Во-вторых, что особенно важно, должна быть отмечена разница между именами Вифин и Вифий, как их передают Стефан и Аппиан, имея в виду одного и того же мифологического персонажа. Думается, более прав здесь византийский автор, так как в его тексте учтен неясный для Аппиана нюанс, что Вифий и Вифин - это именно различные, хотя и сходные, имена. Это явствует из следующего пассажа: "Вифии, фракийское племя, [названное по имени] Вифия, сына Ареса и Сеты, сестры Реса" (s. v. Βιθύαι). Хотя ЛИ Вифий является одним из наиболее распространенных фракийских антропонимов и включено В. Георгиевым в список вифинских "царских" имен, в самой Вифинии оно ни разу не зафиксировано, что едва ли может быть случайным. Связь с Ресом Вифия и Вифина весьма показательна и отчасти может объяснить сходство их имен; однако совершено различное происхождение двух этих персонажей заставляет считать, что у Аппиана они просто перепутаны: в его тексте, как и у Стефана, тоже должен был фигурировать Вифин. Необходимо отметить, что Ресова сестра Сета (другим авторам неизвестная), надо думать, не участвовала в походе брата под Трою и оставалась где-то в исконной области обитания подчиненных брату эдонов (все там же на Стримоне!). Быть может, она и Арес могут считаться родоначальниками тех вифинов, которые остались в Европе? Информация о них весьма противоречива (см. далее, с. 85), и ничто не мешает предположить, что первоначальное название этого племени было именно вифии (Βιθύαι), а с течением времени оно было полностью вытеснено наименованием более мощного, лучше известного греческим авторам и родственного вифиям этноса - собственно вифинов.

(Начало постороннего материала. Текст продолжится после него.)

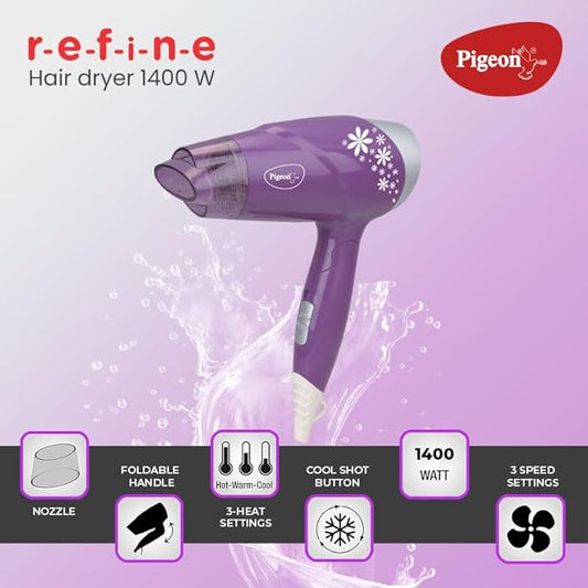OPEN BOX An open-box product is a brand new, unused item that has been opened, but remains in excellent condition with full functionality & warranty.Pigeon Hair Dryer| 1400 Watts| 3 Speed & Temperature With Cool Shot (Hot/Cool/Warm)| Foldable Handle| For Women and Men| 2 Years Warranty| Purple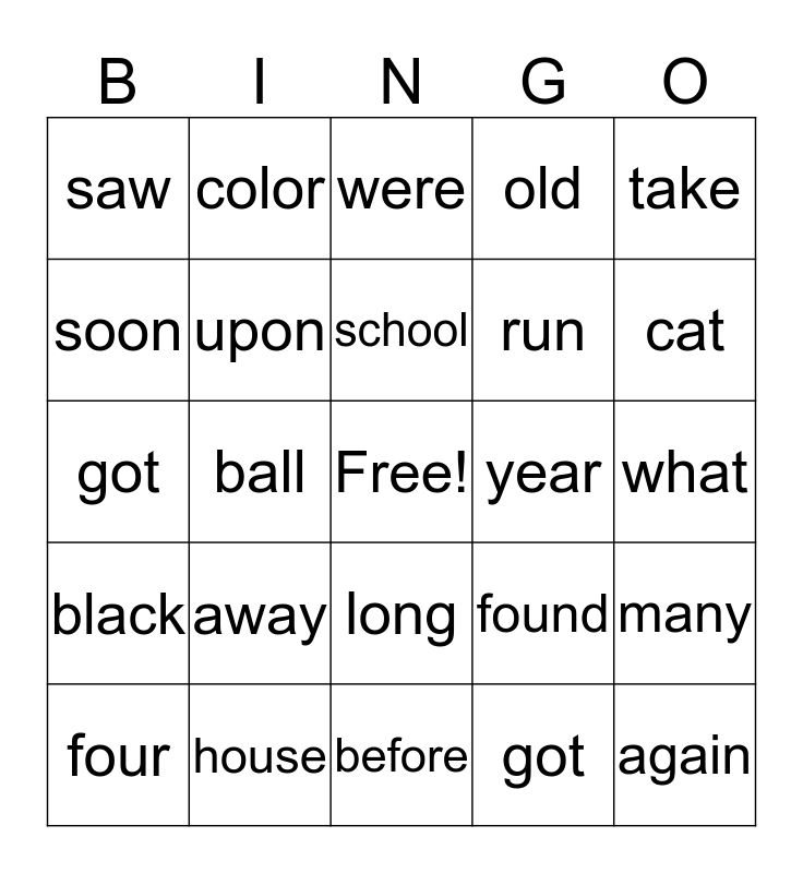 This bingo card has a free space and 50 words: big, house, because, got, many, stand, color, put, run, night, soon, upon, found, again, home, boy, were, year, think, saw, away, before, old, cat, pretty, mother, school, am, take, black, mother, after, say, girl, house, who, book, their, down, got, put, came, live, morning, four, ball, long, stand, what and where.

Далее, в свете изложенной выше гипотезы требует уточнения еще одно сообщение Стефана: "Вифиополис, город... [по имени] Вифия (ἀπὸ Βίθυος) (s. v. Βιθυόπολις). Лакуна в тексте не дает возможности узнать еще что бы то ни было об этом городе, но содержащаяся в следующей фразе краткая ссылка на пятую книгу "Вифиниаки" Арриана (F. 7 Roos) заставляет исследователей "автоматически" заполнять ее определением πόλις Βιθυνίας и, соответственно, локализовать этот город где-то в Вифинии. Тем не менее, если возводить это название к имени Вифия, связываемого с Европой, то представляется возможным помещать его где-то во Фракии, а отнюдь не в самой Вифинии.
И наконец, существование версии происхождения вифинов от Зевса и Фраки ничуть не отменяет рассматриваемых далее сообщений Арриана - и ему самому, и отчасти противоречащему ему Аппиану было прекрасно известно существование разных вариантов мифического происхождения вифинов, которые тем не менее в целом укладывались как в систему мифологических представлений самих греков и эллинизированных фракийцев, так и в рамки ученой традиции.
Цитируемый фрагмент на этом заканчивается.